DATASET EXCERPT:
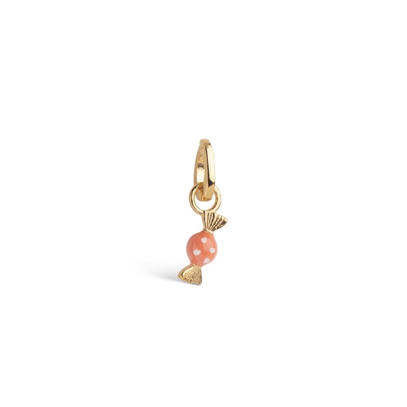 Cute Candy charm i forgyldt sølv fra Enamel Copenhagen er et yndigt lille vedhæng, formet som et stykke slik pakket ind i rosa papir. Den koralfarvede emalje med fine hvide prikker giver charmen et sukkersødt og humoristisk udtryk, der spiller smukt sammen med guldets varme glød. Farverne leder tankerne hen på sommer, sol og glade øjeblikke fyldt med sjove minder.
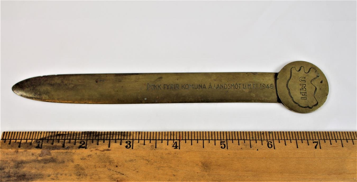 Bréfahnífur úr kopar, á honum stendur;
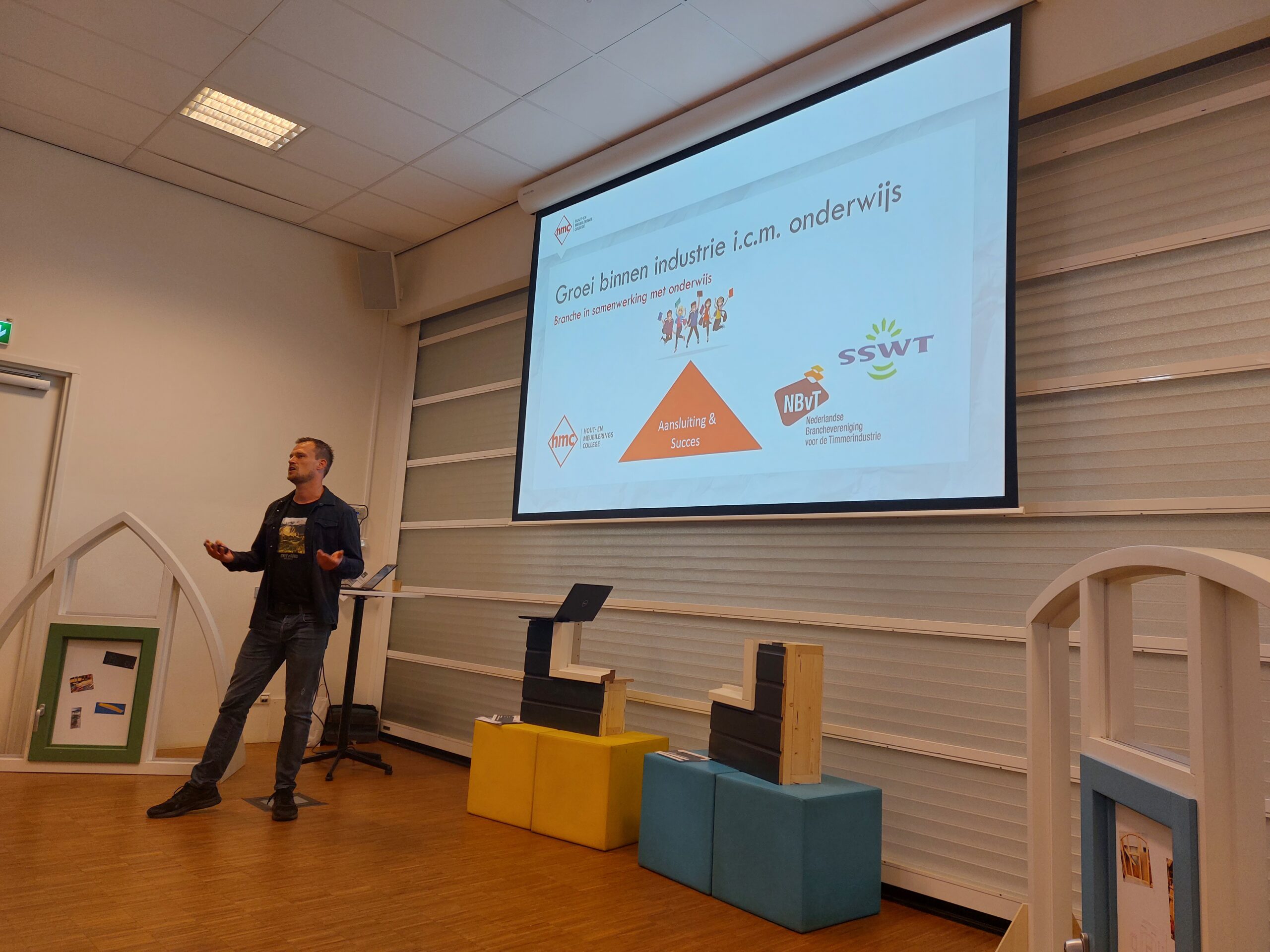 Maandag 16 mei was de tweede brancheavond Houttechniek op het Hout- en Meubileringscollege (HMC) in Rotterdam. De brancheavonden zijn een samenkomen van het onderwijs, de hout- en de timmerbranche en een initiatief van het HMC, de Stichting Sociaal en Werkgelegenheidsfonds (SSWT) en de Nederlandse Branchevereniging voor de Timmerindustrie (NBvT). Deze samenwerking staat hoog in het vaandel en dit jaarlijks terugkerende evenement is het moment om met elkaar te spreken over de ontwikkelingen in de branche en onderwijs.
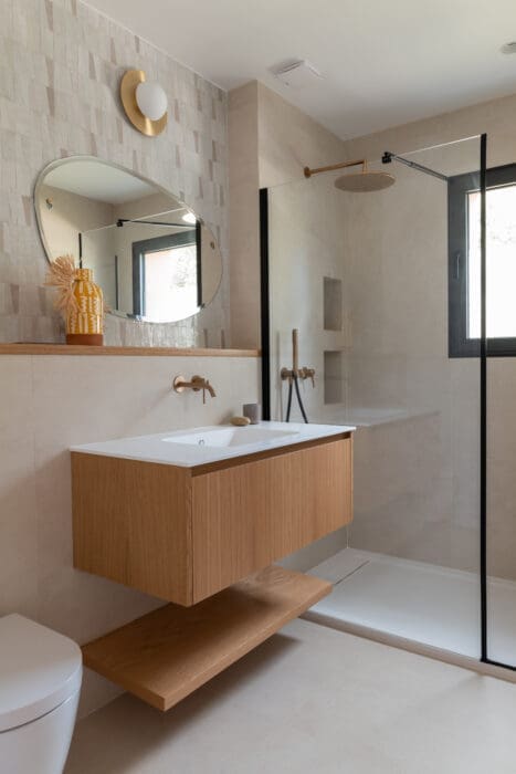 Le point fort de cette maison, outre son cadre de vie idéal, est la réalisation des travaux gérée par une entreprise générale avec laquelle collabore régulièrement Transition Interior Design. D’ordinaire parisienne, Bota a accepté de faire le déplacement dans le Midi pour réaliser chaque centimètre carré du gros œuvre intérieur de ce projet pensé de façon globale par Margaux Meza et Carla Lopez. Les deux architectes d’intérieur ont eu à cœur de parfaire le moindre détail. Zéro mauvaise surprise, la maison est aboutie et se révèle aussi juste que celle imaginée, sinon mieux.

YOUR GOAL: Return every line above exactly, omitting images.

RESULT FOR THIS EXERCISE:
 Cute Candy charm i forgyldt sølv fra Enamel Copenhagen er et yndigt lille vedhæng, formet som et stykke slik pakket ind i rosa papir. Den koralfarvede emalje med fine hvide prikker giver charmen et sukkersødt og humoristisk udtryk, der spiller smukt sammen med guldets varme glød. Farverne leder tankerne hen på sommer, sol og glade øjeblikke fyldt med sjove minder.
 Bréfahnífur úr kopar, á honum stendur;
 Maandag 16 mei was de tweede brancheavond Houttechniek op het Hout- en Meubileringscollege (HMC) in Rotterdam. De brancheavonden zijn een samenkomen van het onderwijs, de hout- en de timmerbranche en een initiatief van het HMC, de Stichting Sociaal en Werkgelegenheidsfonds (SSWT) en de Nederlandse Branchevereniging voor de Timmerindustrie (NBvT). Deze samenwerking staat hoog in het vaandel en dit jaarlijks terugkerende evenement is het moment om met elkaar te spreken over de ontwikkelingen in de branche en onderwijs.
 Le point fort de cette maison, outre son cadre de vie idéal, est la réalisation des travaux gérée par une entreprise générale avec laquelle collabore régulièrement Transition Interior Design. D’ordinaire parisienne, Bota a accepté de faire le déplacement dans le Midi pour réaliser chaque centimètre carré du gros œuvre intérieur de ce projet pensé de façon globale par Margaux Meza et Carla Lopez. Les deux architectes d’intérieur ont eu à cœur de parfaire le moindre détail. Zéro mauvaise surprise, la maison est aboutie et se révèle aussi juste que celle imaginée, sinon mieux.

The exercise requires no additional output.